La Marche des Fourmis

Faisant écho à la « Città idéale del Rinascimento », de Léonard de Vinci, l’urbanisme de dalles voit le jour dans les années 1970 avec le désir de créer un espace fonctionnel. On voit donc se mettre en place une nouvelle organisation urbaine avec une séparation spatiale des fonctions (habiter, travailler, circuler) au sein de la dalle, engendrant deux types de flux : le cheminement piétonnier et la circulation automobile. Les dalles Olympiades et Beaugrenelle à Paris sont conçues sur une volonté d’autonomisation et d’indépendance puisqu’elles offrent le nécessaire à ses habitants : commerces, restaurants, loisirs, logements, écoles... Dans ces espaces, la notion de flux est importante, l’architecture est pensée en relation avec les besoins de la population. On est face à une rationalisation du territoire et de la vie contemporaine de sa population, en effet, on pense une globalité.

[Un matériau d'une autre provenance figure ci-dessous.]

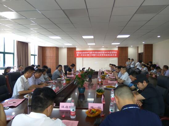 2017年6月17日,安徽省生物育種產(chǎn)業(yè)技術(shù)創(chuàng)新戰(zhàn)略聯(lián)盟(以下簡稱“聯(lián)盟”)2017年度理事會第一次會議在長豐縣召開。聯(lián)盟理事長、荃銀高科副董事長陳金節(jié)研究員,聯(lián)盟副理事長姚大年教授、羅志祥研究員、陳洪儉研究員、戴祖云研究員,以及聯(lián)盟成員單位代表等30余人參加會議。會議由聯(lián)盟秘書長、荃銀高科副總經(jīng)理張從合研究員主持。
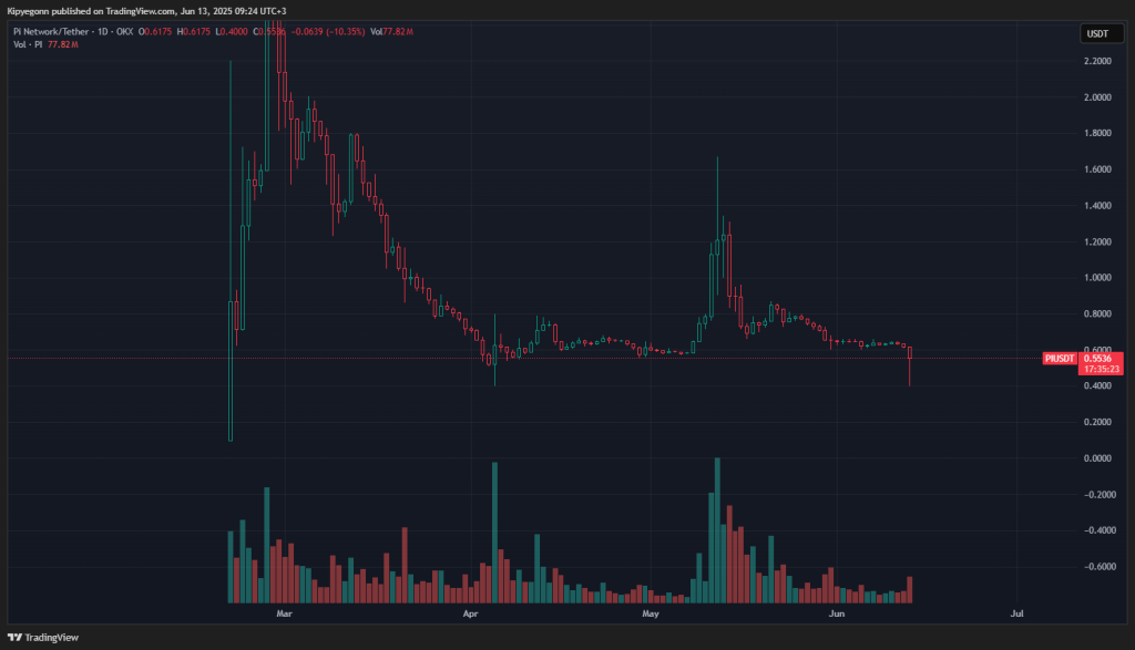 2025年6月13日時点のCoinGeckoによると、PIの取引価格は0.5596ドル(約88円)で、過去24時間で11%下落し、週間ベースでは10%近い損失を記録している。一時は0.40ドル(約63円)まで下落し、直近10日間のレンジを下方ブレイクした。
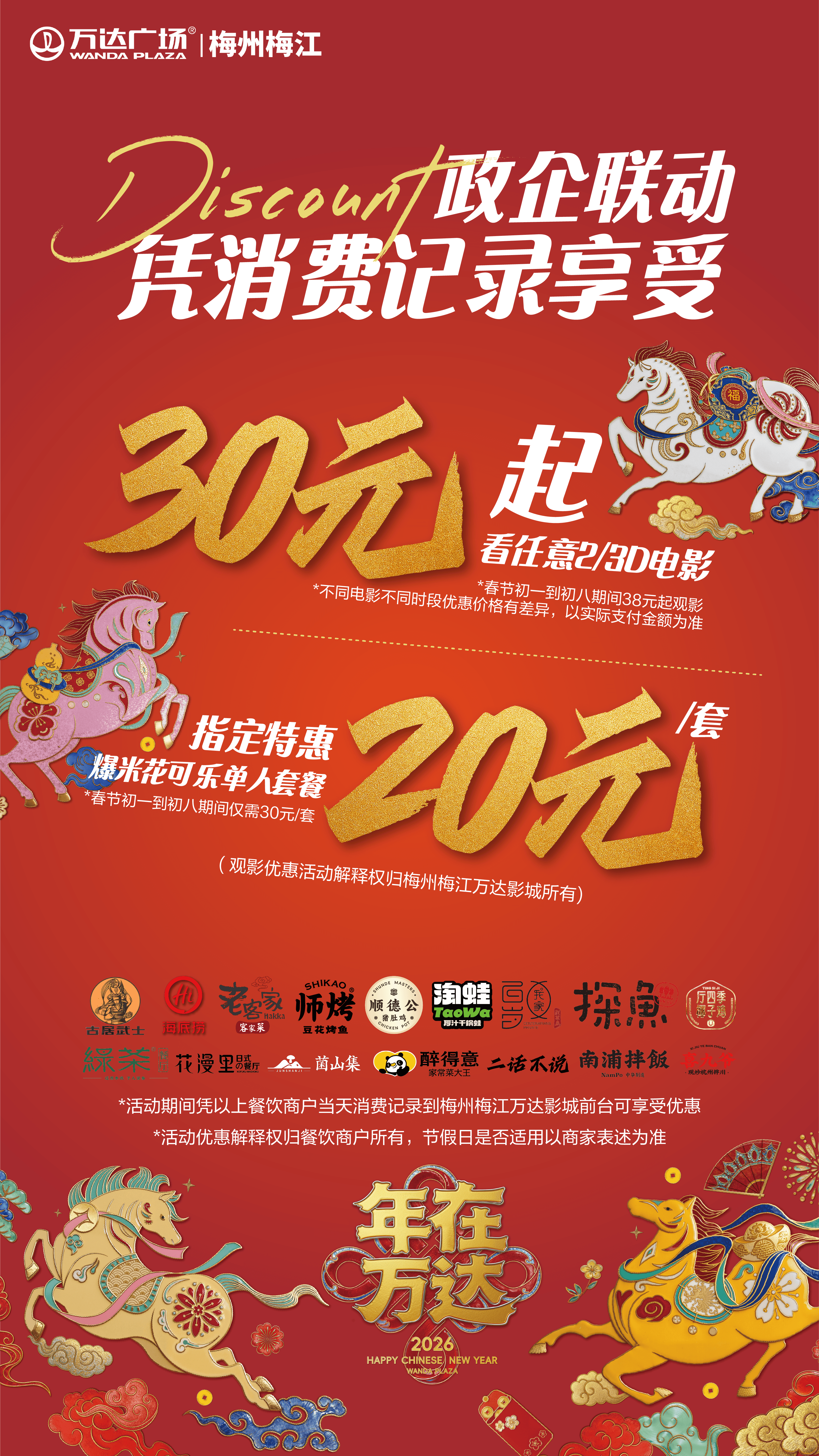 记者在现场获悉,根据初步协议,2026年2月9日至12月31日活动期间,消费者凭梅州梅江万达影城当天电影票根到万达广场及梅城20多家餐饮商户就餐可享受八折到九五折不等的优惠;与此同时,消费者凭相关餐饮商户当天消费记录到梅州梅江万达影城前台可享受30元起观看任意2D、3D电影(春节初一到初八期间38元起观影)等优惠(详情以影院与餐饮企业签订的协议具体内容为准,节假日是否适用以商家表述为准)。
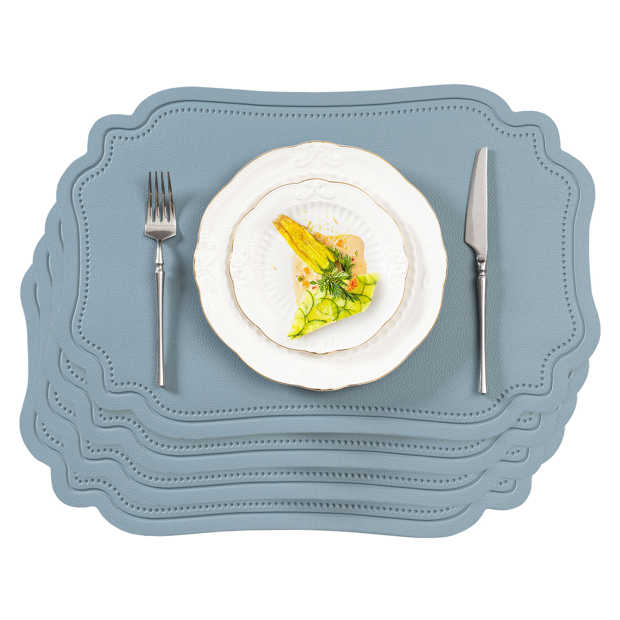 Our placemat is made from high quality vinyl faux leather that is water resistant, stain resistant andfade resistant for long-lasting use. lt features arustic and stylish style, it blends well with a widevariety of decoration styles. Vinyl faux leather placemats are easy to clean, wipe them with a damp cloth or rinse with water, wipe dry or air dry. It can be rolled up for storage and laid flat when used. Heat Resistant 212℉/100 ℃, provied perfect protection for your table. Life can be pretty tough for your table with hot plates, sharp knives and food spills. Our table mats will make every meal more fun and protect your furniture at the same time. This placemats set of 4 is suitable for everyday use, parties, holidays, gatherings, weddings, and birthdays, they’re the perfect choice for kitchen parties, dinners, and home decor.

Je me suis donc intéressée à ce rythme particulier qu’impose la dalle et ainsi du flux humain qu’elle génère. En me rendant sur celles-ci aux heures de pointe, j’ai établi un protocole : prendre en photo ce flux constant toujours en plongé et en hauteur de manière à n’apercevoir que des individus en mouvement. Puis j’ai retravaillé mes contrastes afin de faire ressortir ce flux tel des masses noires se déplaçant sur un sol blanchâtre. Les protagonistes circulant sur la dalle se trouvent presque non reconnaissable, et comparés d’une certaine manière à des fourmilles, ce qui me permet de mettre en avant cet effet d’affluence.